» **Work to complete**: In the listing below, find the line containing "Yu’s sponge city" and the line containing "ファンタジー風あだ名 | 『タケフェル』『エターナルタケサコー』 |". Repeat exactly those two lines and every line between them, nothing more.

» **Source records**:
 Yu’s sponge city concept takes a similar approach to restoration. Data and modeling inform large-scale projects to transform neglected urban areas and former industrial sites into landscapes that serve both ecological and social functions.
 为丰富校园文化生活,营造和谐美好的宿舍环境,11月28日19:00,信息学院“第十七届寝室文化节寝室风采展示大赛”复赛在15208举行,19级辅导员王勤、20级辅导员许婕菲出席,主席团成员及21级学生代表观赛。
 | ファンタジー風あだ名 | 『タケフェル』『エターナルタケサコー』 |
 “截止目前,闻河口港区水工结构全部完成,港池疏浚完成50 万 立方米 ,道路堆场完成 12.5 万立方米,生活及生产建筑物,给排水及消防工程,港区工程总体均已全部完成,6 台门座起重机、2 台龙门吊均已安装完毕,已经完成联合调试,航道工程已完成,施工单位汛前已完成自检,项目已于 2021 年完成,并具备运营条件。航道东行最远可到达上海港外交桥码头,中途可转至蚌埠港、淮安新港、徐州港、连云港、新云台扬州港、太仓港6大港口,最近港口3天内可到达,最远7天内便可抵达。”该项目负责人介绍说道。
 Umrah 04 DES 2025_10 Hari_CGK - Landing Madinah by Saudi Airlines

--

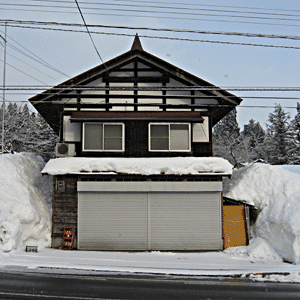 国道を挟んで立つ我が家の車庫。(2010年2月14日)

» **Completed exercise**:
 Yu’s sponge city concept takes a similar approach to restoration. Data and modeling inform large-scale projects to transform neglected urban areas and former industrial sites into landscapes that serve both ecological and social functions.
 为丰富校园文化生活,营造和谐美好的宿舍环境,11月28日19:00,信息学院“第十七届寝室文化节寝室风采展示大赛”复赛在15208举行,19级辅导员王勤、20级辅导员许婕菲出席,主席团成员及21级学生代表观赛。
 | ファンタジー風あだ名 | 『タケフェル』『エターナルタケサコー』 |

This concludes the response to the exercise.